- _What is being asked_
Where the line containing "При организации детской" appears, begin retyping; continue exactly through the final line of the data. Omit every picture.

- _Records supplied_
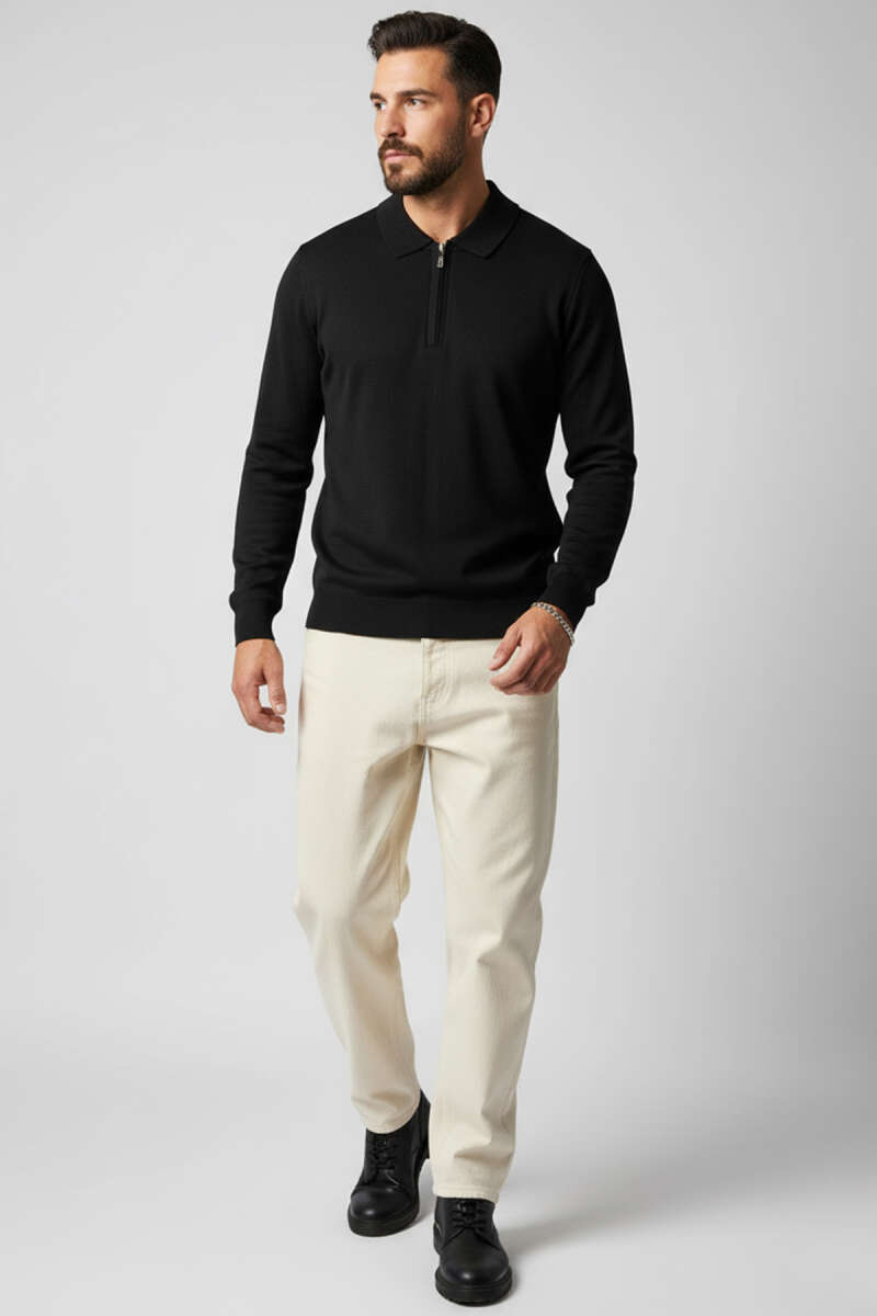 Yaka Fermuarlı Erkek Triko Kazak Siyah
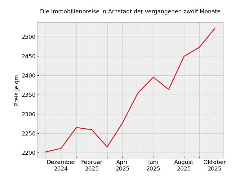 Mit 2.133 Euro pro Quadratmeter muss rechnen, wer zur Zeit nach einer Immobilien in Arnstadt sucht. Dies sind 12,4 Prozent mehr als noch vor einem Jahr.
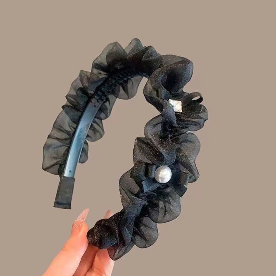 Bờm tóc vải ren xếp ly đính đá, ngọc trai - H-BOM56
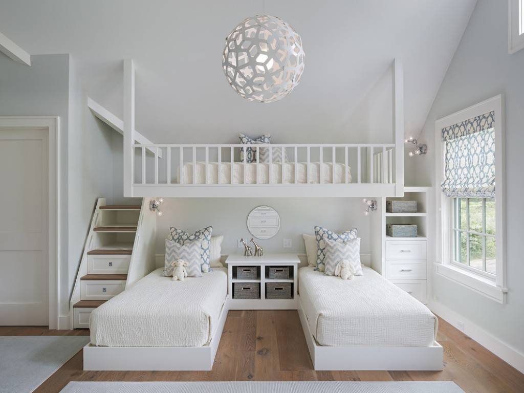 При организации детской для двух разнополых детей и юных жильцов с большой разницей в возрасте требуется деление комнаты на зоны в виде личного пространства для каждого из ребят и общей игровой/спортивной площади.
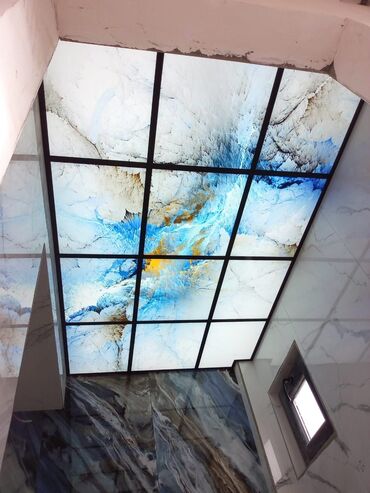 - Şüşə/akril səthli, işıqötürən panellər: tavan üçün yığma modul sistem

- _Output for this task_
 При организации детской для двух разнополых детей и юных жильцов с большой разницей в возрасте требуется деление комнаты на зоны в виде личного пространства для каждого из ребят и общей игровой/спортивной площади.
 - Şüşə/akril səthli, işıqötürən panellər: tavan üçün yığma modul sistem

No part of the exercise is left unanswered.